A commit in branch stable/13 references this bug: URL: https://cgit.FreeBSD.org/src/commit/?id=5007bc4e13906104163ca78440ffcefb5c126548 commit 5007bc4e13906104163ca78440ffcefb5c126548 Author: Alexander V. Chernikov <melifaro@FreeBSD.org> AuthorDate: 2021-08-15 22:25:21 +0000 Commit: Alexander V. Chernikov <melifaro@FreeBSD.org> CommitDate: 2021-09-07 21:02:58 +0000 routing: Fix crashes with dpdk_lpm[46] algo. When a prefix gets deleted from the RIB, dpdk_lpm algo needs to know the nexthop of the "parent" prefix to update its internal state. The glue code, which utilises RIB as a backing route store, uses fib[46]_lookup_rt() for the prefix destination after its deletion to fetch the desired nexthop. This approach does not work when deleting less-specific prefixes with most-specific ones are still present.
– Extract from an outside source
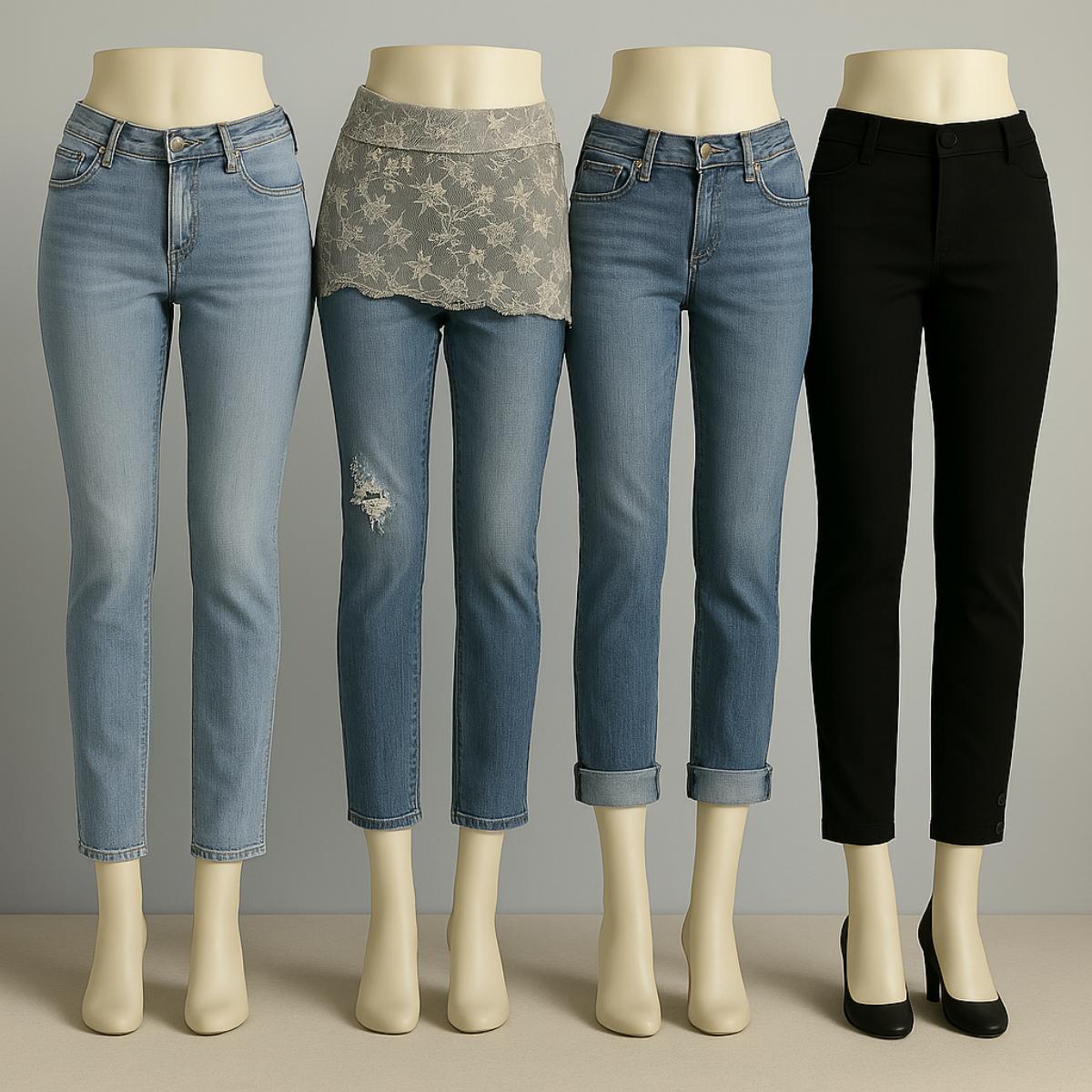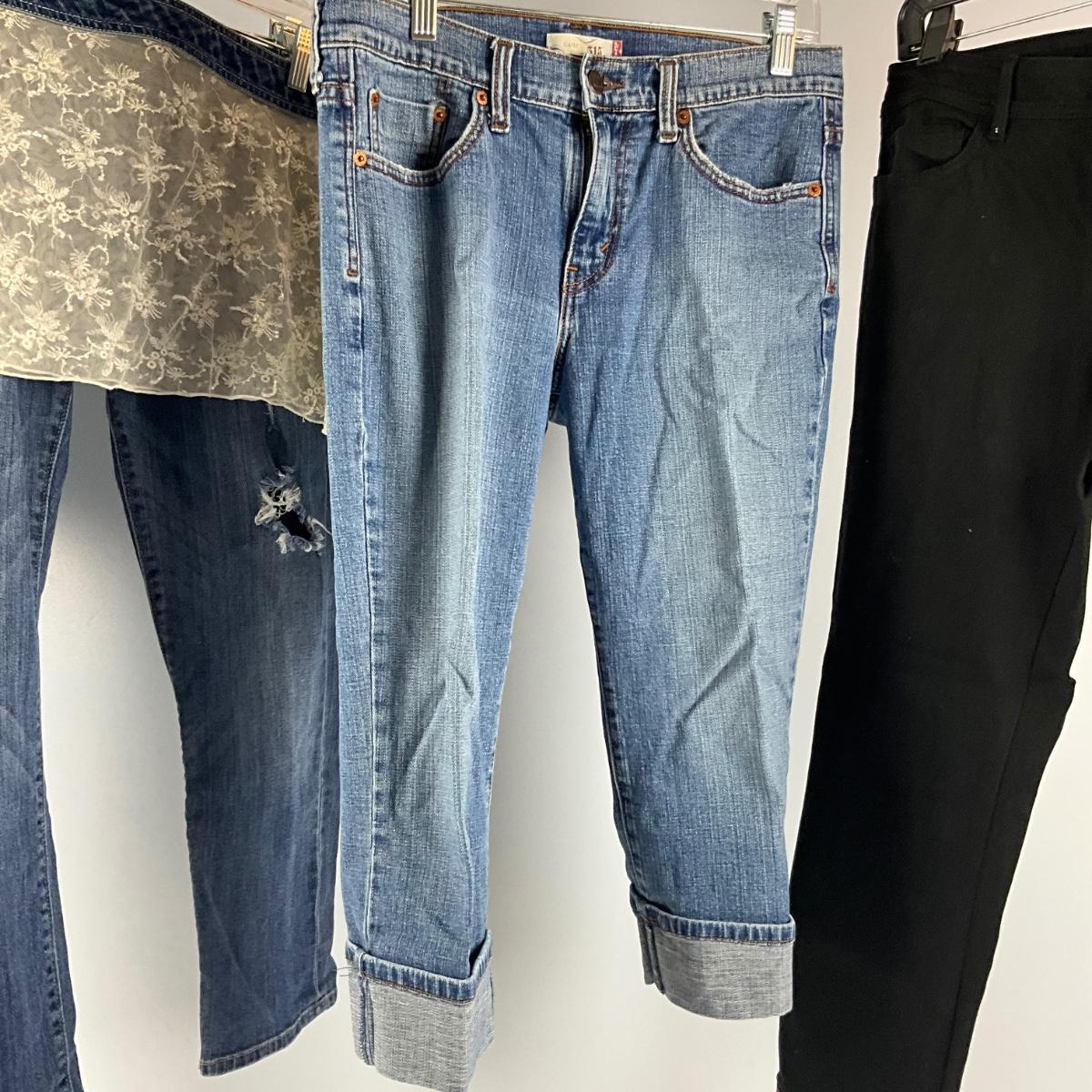 J.Jill black jeans size 6 , Jennifer Lopez blue jeans with holes size 6, D.Jeans denim size 10 , denim lace skirt, capri jeans levis size 8

For example, if 10.0.0.0/24, 10.0.0.0/23 and 10.0.0.0/22 exist in RIB, deleting 10.0.0.0/23 would result in 10.0.0.0/24 being returned as a search result instead of 10.0.0.0/22. This, in turn, results in the failed datastructure update: part of the deleted /23 prefix will still contain the reference to an old nexthop. This leads to the use-after-free behaviour, ending with the eventual crashes. Fix the logic flaw by properly fetching the prefix "parent" via newly-created rt_get_inet[6]_parent() helpers. Differential Revision: https://reviews.freebsd.org/D31546 PR: 256882,256833 (cherry picked from commit 36e15b717eec80047fe7442898b5752101f2fbca) sys/contrib/dpdk_rte_lpm/dpdk_lpm.c | 32 ++++---- sys/contrib/dpdk_rte_lpm/dpdk_lpm6.c | 42 +++++----- sys/net/radix.c | 14 ++++ sys/net/radix.h | 1 + sys/net/route/route_ctl.h | 3 + sys/net/route/route_helpers.c | 150 +++++++++++++++++++++++++++++++++++ 6 files changed, 208 insertions(+), 34 deletions(-)
(In reply to Konrad from comment #20) Has the system been stable since?
Yes, system has been working stable since then
(In reply to Konrad from comment #23) Great! I'm going to proceed with the case closure then.
^Triage: the 12 branch is now out of support.